Tuesday, January 14, 2014

Second Life as a Disruptive Technology





Figure 1.  Second Life Technology

The figure above displays Second Life technology, the 2008-emerging technology (Rosedale, 2008) that has the potential of Dr. Thornburg concepts of wild card in emerging technologies (Thornburg, 2008b) and Christensen’s (2002) ideas of disruptive technologies that might obsolete the traditional bricks and mortar education system.  A disruptive technology is a new technology that functions more efficiently than an existing technology, obsoletes it, and is on the evolutionary path (Laureate 2009).  Indeed, new technologies are always susceptible to unanticipated wild card disruptive technologies.  Disruptive innovation theorists advocate for disruptive technologies that might move schools from a monolithic structure that inhibits students’ performance to an intrinsically motivating student-centric classroom (Carmody, 2009).
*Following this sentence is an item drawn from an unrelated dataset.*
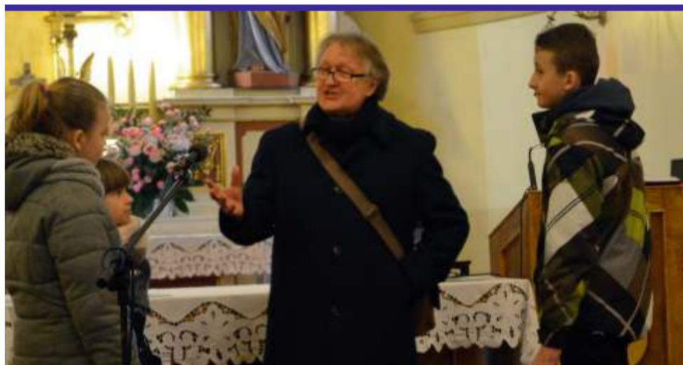
Spektakl okazał się żywą lekcją historii

The Second Life technology provides virtual worlds, where students use avatars for identification, offers rich media of technology such as text audio (VOIP), static images, video, 3-D, written verbal emoticons, oral verbal, nonverbal paralanguage, kinesics, proxemics, haptics, and objectics, with immediate real time feedback.  The virtual world of Second Life certainly had the potential to be disruptive in the field of education.   Second Life provides social benefits such as vicarious knowledge and attendance of social events (concerts, meetings), despite its inability for real physical human encounters. In addition, apart from the bandwidth problem, Second Life failed to produce the intended outcomes to transform life, business, and the global economy (Manyika et al., 2013). Second Life’s virtual attributes could not replace human physical touch and interactions of learners.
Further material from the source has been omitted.